- Born: Erik Nils Engström 14 June 1963 (age 63)
- Education: Stockholm School of Economics Royal Institute of Technology Harvard University
- Occupation: Businessman
- Years active: 1984–present
- Title: CEO, RELX
- Term: 2009–present
- Successor: Incumbent
- Spouse: Elizabeth Hobson "Libby" Pierpont

= Erik Engström =

Swedish businessman

Erik Nils Engström (born 14 June 1963) is a Swedish businessman and the chief executive officer (CEO) of RELX, a multinational information and analytics company that operates in four market segments: scientific, technical and medical; risk and business information; legal; and exhibitions.

==Early life==
Erik Engström is the son of Alice Engström and Dr Kjell Engström of Täby, Sweden, who was managing director of the Swedish Museum of Natural History, Stockholm. He has a BSc from the Stockholm School of Economics, an MSc from the Royal Institute of Technology in Stockholm, and an MBA from Harvard Business School, Harvard University, where he was a Fulbright scholar.

==Career==

Engström started his career as a consultant with McKinsey & Company. He was president and chief executive officer of Bantam Doubleday Dell, North America, before its merger with Random House, and was then president and chief operating officer of Random House Inc.. He was a partner at General Atlantic.
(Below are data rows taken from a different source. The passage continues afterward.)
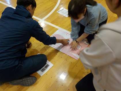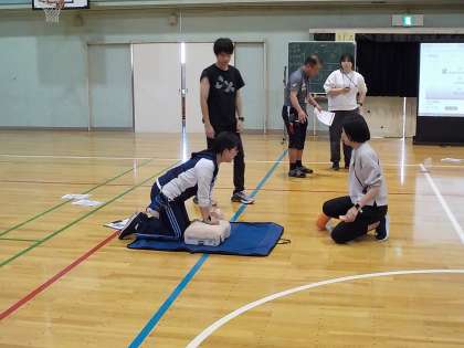 先生たちは全員で交代しながら、胸骨圧迫(心臓マッサージ)やAEDの訓練に真剣に取り組んでいました。
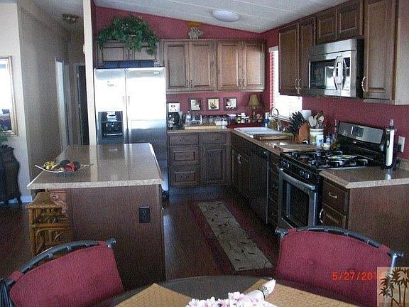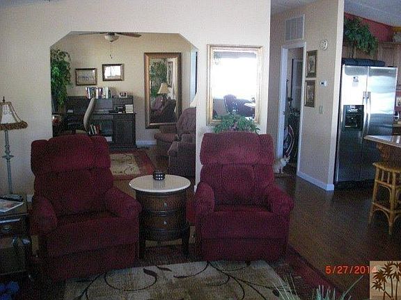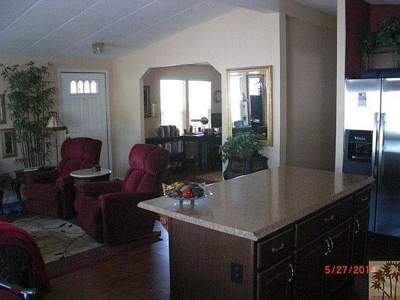 Bright and Cheery 2 BR/Den home built in 1988. Offers an open floor plan with vaulted beam ceiling, new kitchen cabinets and appliances, laminated floors, new doors, newer carpet, textured drywall and dual pane windows throughout. Tastefully decorated and offered furnished per inventory. Dues are $256 per mo. which provides for basic cable, trash pick up, gated comm/ww guard and 24 hr. security. Did I mention free golf?? Best kept secret in the valley. All this on a quiet street and close to the front gate and Club House.
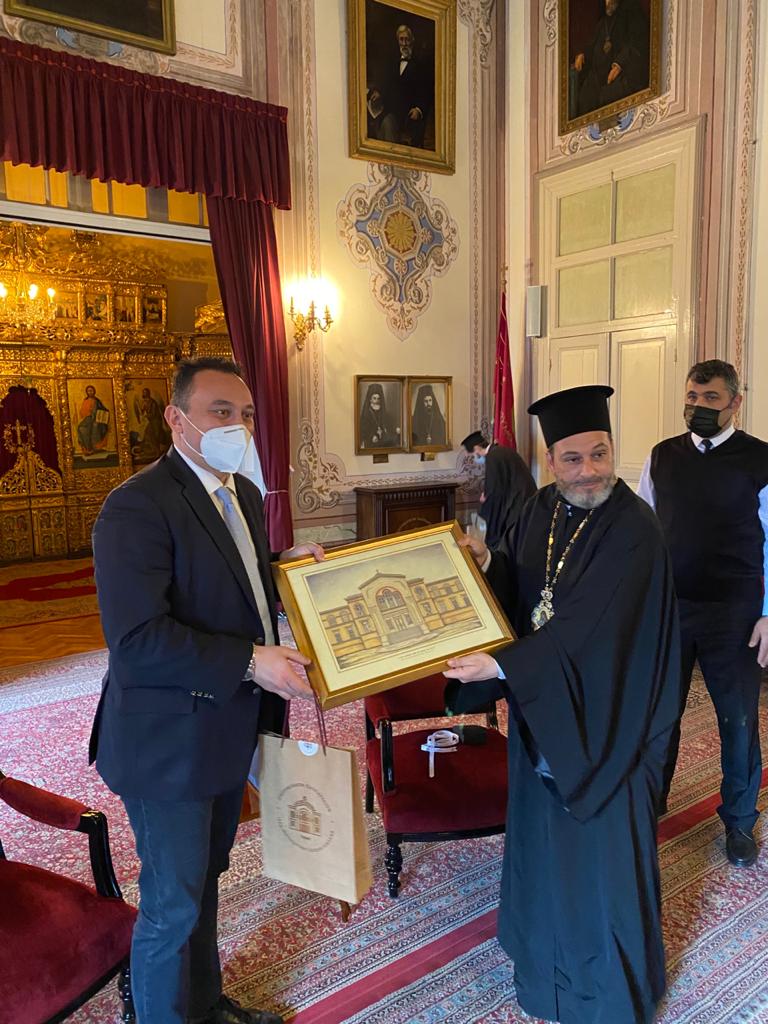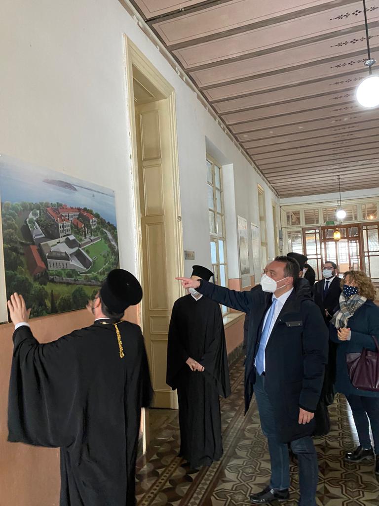 Επίσημη επίσκεψη πραγματοποίησε σήμερα, 19/03/2021, στη Θεολογική Σχολή ο Έλληνας Υφυπουργός Εξωτερικών Αρμόδιος για τον Απόδημο Ελληνισμό, Κωνσταντίνος Βλάσης, συνοδευόμενος από τον Έλληνα Πρέσβη στην Άγκυρα Έξοχ. κ. Μ. Διαμέση και την Γενική Πρόξενο της Πόλεως κ. Γ. Σουλτανοπούλου. Οι Έλληνες αξιωματούχοι έγιναν δεκτοί υπό του Καθηγουμένου, Θεοφιλεστάτου Επισκόπου Αραβισσού κ. Κασσιανού, και της περί αυτόν αδελφότητος, και προσκύνησαν στο ναΰδριο της Σχολής. Στη συνέχεια, ξεναγήθηκαν στην Αίθουσα Τελετών της Σχολής, όπου ο Ηγουμένος τους ενημέρωσε για την πλούσια ιστορία της, αλλά και για τα ζητήματα της ανακαίνισης και επαναλειτουργίας της. Αφού επισκέφθηκαν την ιστορική βιβλιοθήκη της Σχολής, οι υψηλοί επισκέπτες παρακάθησαν στην προς τιμήν τους παρατεθείσα τράπεζα.
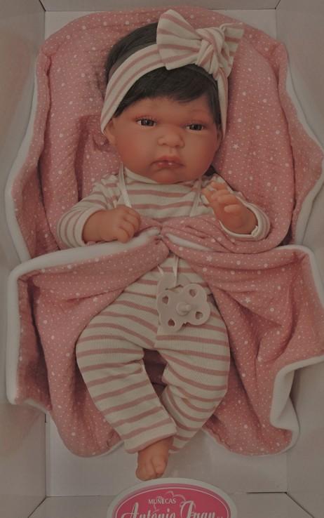 Krásné realistické miminko jako živé od španělské firmy Antonio Juan, holčička Toneta je 33 cm vysoká, vyrobená z měkčeného vinylu, který je velmi příjemný na dotek. Tělíčko je precizně propracováno do všech detailů, včetně pohlaví. Panenka má černé kratší vlasy. Holčička Toneta je oblečená do růžovo bílého pruhovaného trička a kalhot. Na hlavě má uvázanou čelenku také za stejné proužkované látky. Na nohách má růžové ponožky. Miminko leží na růžovo-bílé dečce, která je stejně jako dudlík součástí balení.
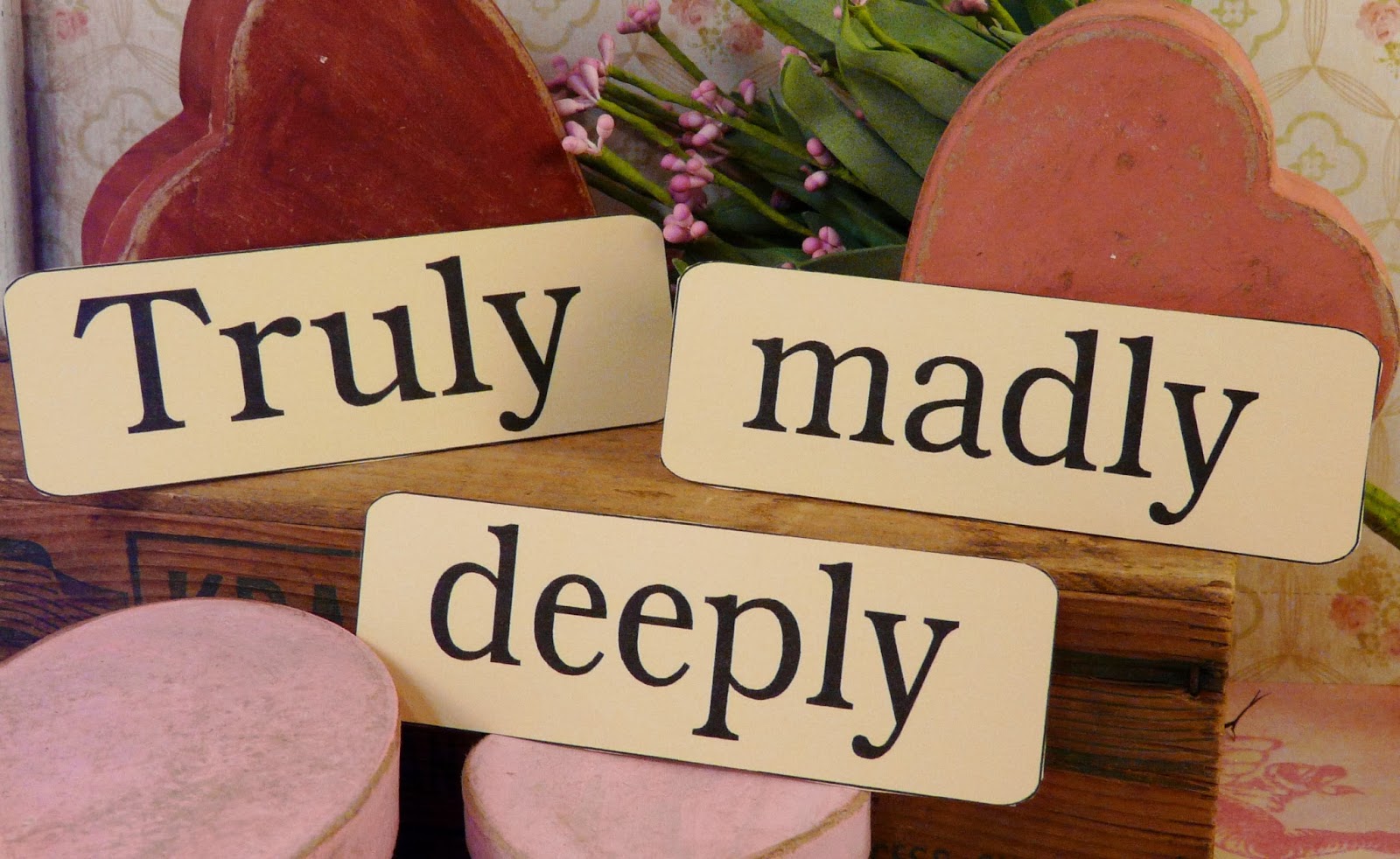 The smaller cards are: Truly madly deeply, kiss me, love conquers all.
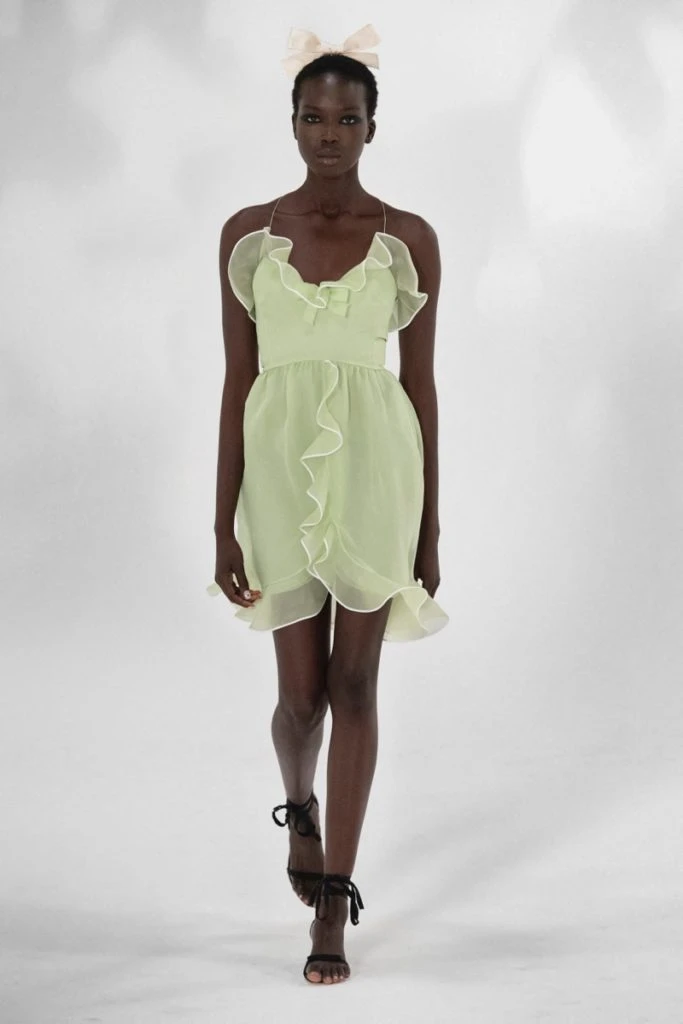 También se vieron mini shorts de lentejuelas, blusas con volados, moños que adornaban los looks y vestidos con volados en cascada como una propuesta nocturna y más sofisticada.
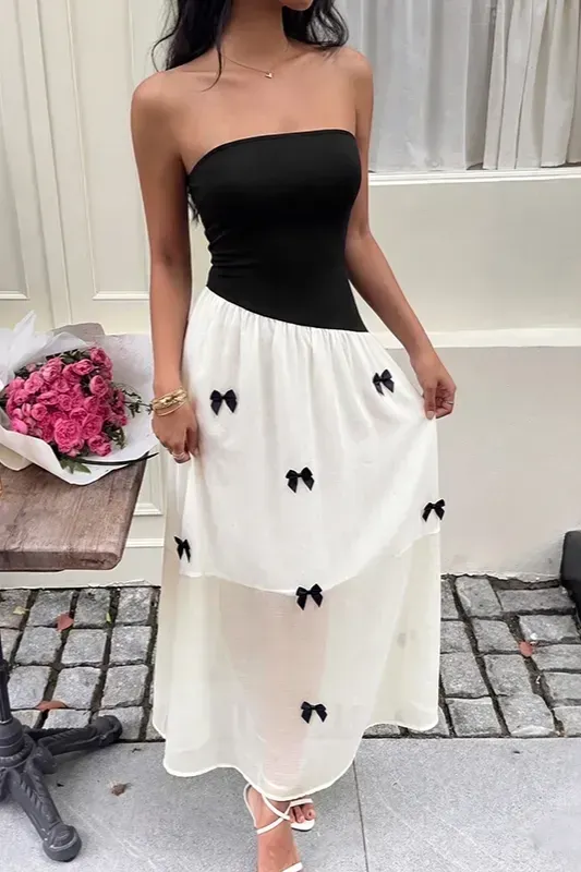 Black Bow Print Tube Maxi Dress
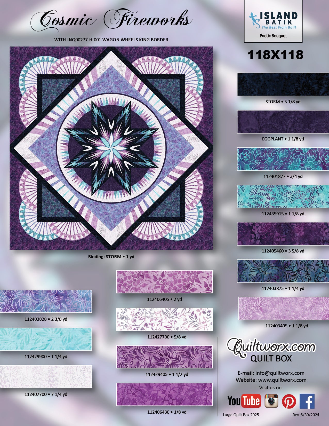 - Fabric Kit and Pattern in the Colorway of your Choice for the King Expansion borders only. You will need coordinating Q1, Q2, and Q3 boxes as well.
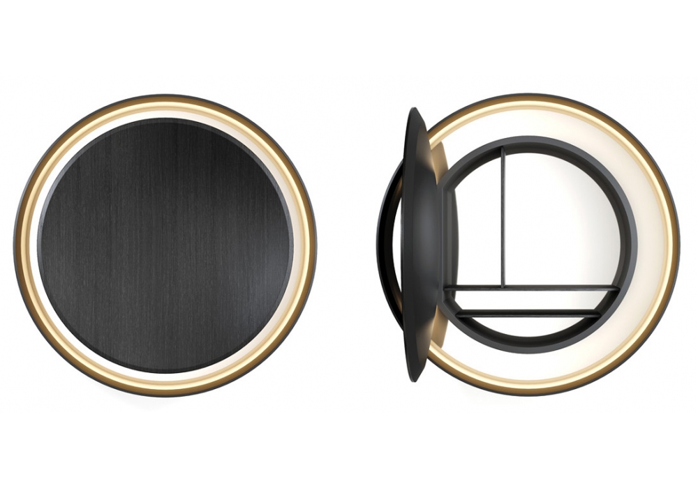 Eclissi firmato da Elena Pancaldi per Emmemobili è un mobile contenitore con struttura in legno laccato lucido nero e anta esterna in rovere sabbiato tinto nero. Disponibile la versione incassata a parete o da fissare a muro.
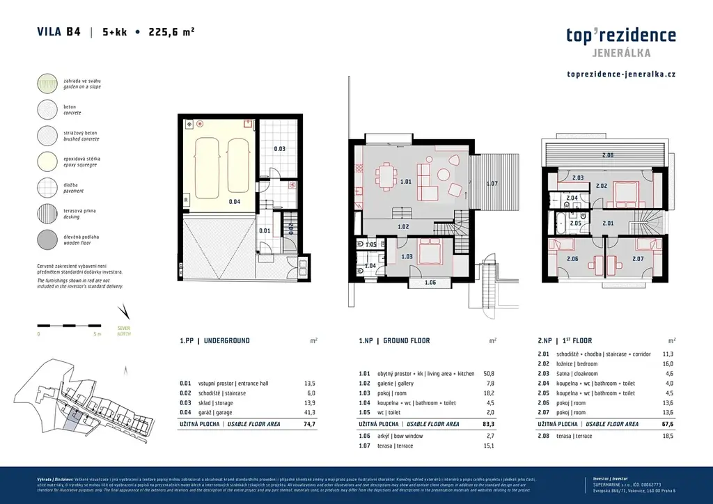 Ve standardní dispozičním uspořádání 5+kk nabízí vila typu B v 1. NP vzdušný obývací pokoj se světlou výškou 3,4 m s kuchyňským koutem, výstupem na terasu a zahradu. Přes zvýšenou galerii můžete pokračovat do hostinského pokoje s koupelnou, případně do 2. NP, kde je umístěna hlavní ložnice s terasou a vlastní koupelnou a další dva pokoje se sdílenou koupelnou.
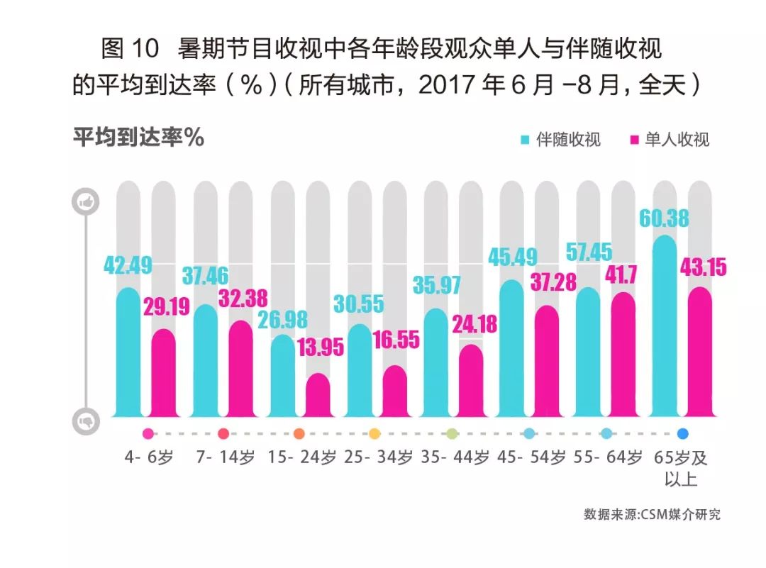 以2017年暑期节目为例,4-6岁儿童对遥控器的操控能力较差,因此每天与家庭成员相伴收视的儿童比例达到所有4-6岁儿童的42.49%,而单独收看电视的4-6岁儿童仅为4-6岁所有观众的29.19%。随着年龄的增长,7-14岁少年观众对遥控器的操作能力增强,其与家庭成员间相伴收视行为开始减少,伴随收视和单独收视两者占比差异减小。
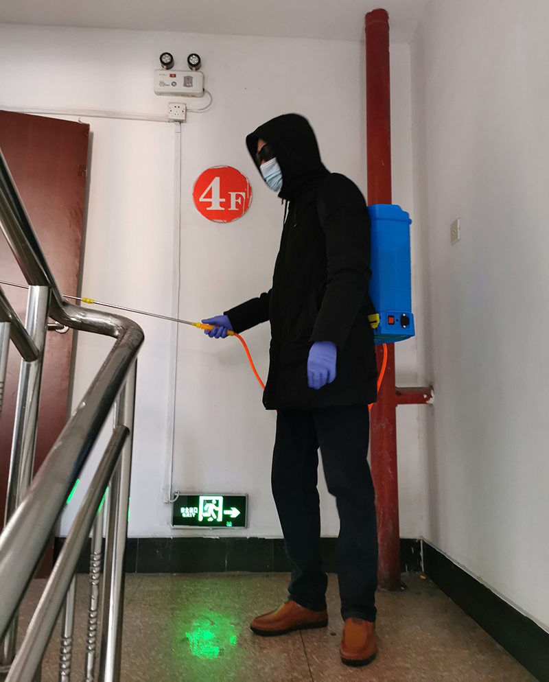 义务消毒,没有报酬,得随时待命,看起来是应者寥寥的苦差。在昌圩湖职工小区和公司机关大楼,却穿梭着这样的身影。他们背着装满消毒液的喷壶,穿梭在社区街道和办公场所,把消毒液喷洒到的每一处。
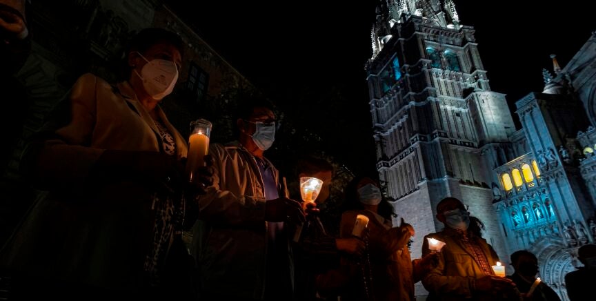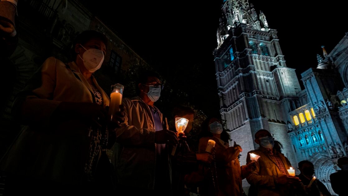 Una treintena de personas se han concentrado esta noche ante la catedral de Toledo con velas para rezar el rosario como "acto de reparación" tras la polémica surgida por elvideoclip de C. Tangana y Nathy Peluso en el interior del templo.
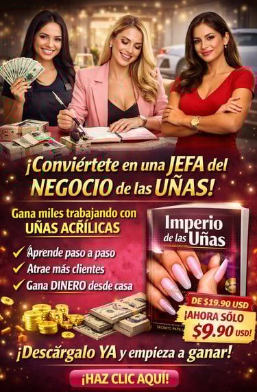 Ha considerado la posibilidad de iniciar su propio negocio, dedicándose a lo que realmente le apasiona y al mismo tiempo generar ingresos de manera efectiva? Este eBook ha sido diseñado especialmente para mujeres como usted — que están dando sus primeros pasos, llenas de entusiasmo, valentía y el genuino deseo de transformar sus vidas a través del fascinante mundo de las uñas. Aquí encontrará todo lo que necesita: desde los materiales fundamentales, el paso a paso de cada técnica, hasta cómo establecer tarifas adecuadas, atraer a sus primeras clientas y convertir esta habilidad en una fuente principal de ingresos. ¡Su camino hacia la independencia financiera comienza hoy!
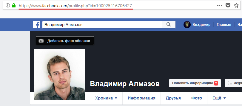 Откройте свою страницу на Facebook и скопируйте содержимое адресной строки.
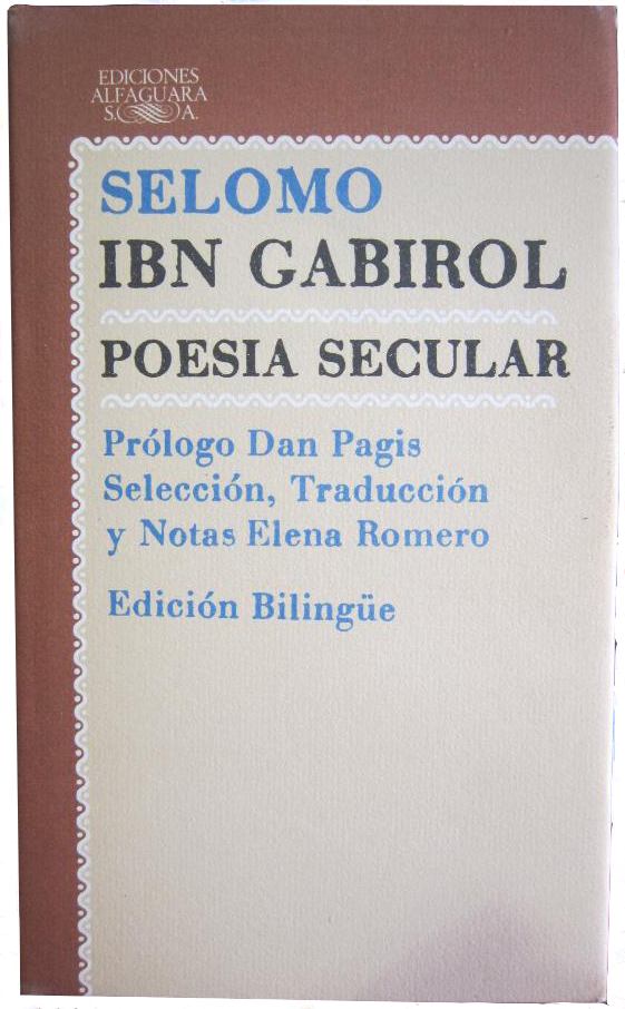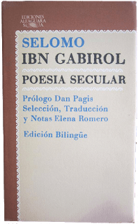 Eso me sucedió con Poesía Secular de Selomo Ibn Gabirol editado por Alfaguara en noviembre de 1978 en su colección de Clásicos con Prólogo de Dan Pagis, traducción y notas de Elena Romero. De 22 x 13 cm, con 532 páginas, tapa dura y sobrecubierta; Poesía secular es un libro inhallable en las librerías de Madrid, Granada, Barcelona o Buenos Aires. Sin embargo, en Librería Norte, en su misterioso sótano más exactamente, apareció el ejemplar que tengo en estos momentos entre mis manos.

Engström was appointed chief executive of Elsevier in 2004, and was appointed chief executive of RELX (formerly Reed Elsevier), under the chairmanship of Anthony Habgood, in 2009. Two weeks after becoming CEO, Engstrom said a strategic review was not necessary. RELX number one strategic priority has been "the organic development of increasingly sophisticated information-based analytics and decision tools that deliver enhanced value to our customers, supplemented by selective acquisitions of targeted data, analytics and exhibition assets. that support our organic growth strategies." Under Engström RELX has achieved strong business and share price performance, resulting in good compensation for Engström.

==Personal life==
In 1997, Engström married Elizabeth Hobson "Libby" Pierpont, the daughter of Elizabeth Wentworth Pierpont and Carleton Langley Pierpont, a property developer, of Darien, Connecticut at St. James' Church in New York.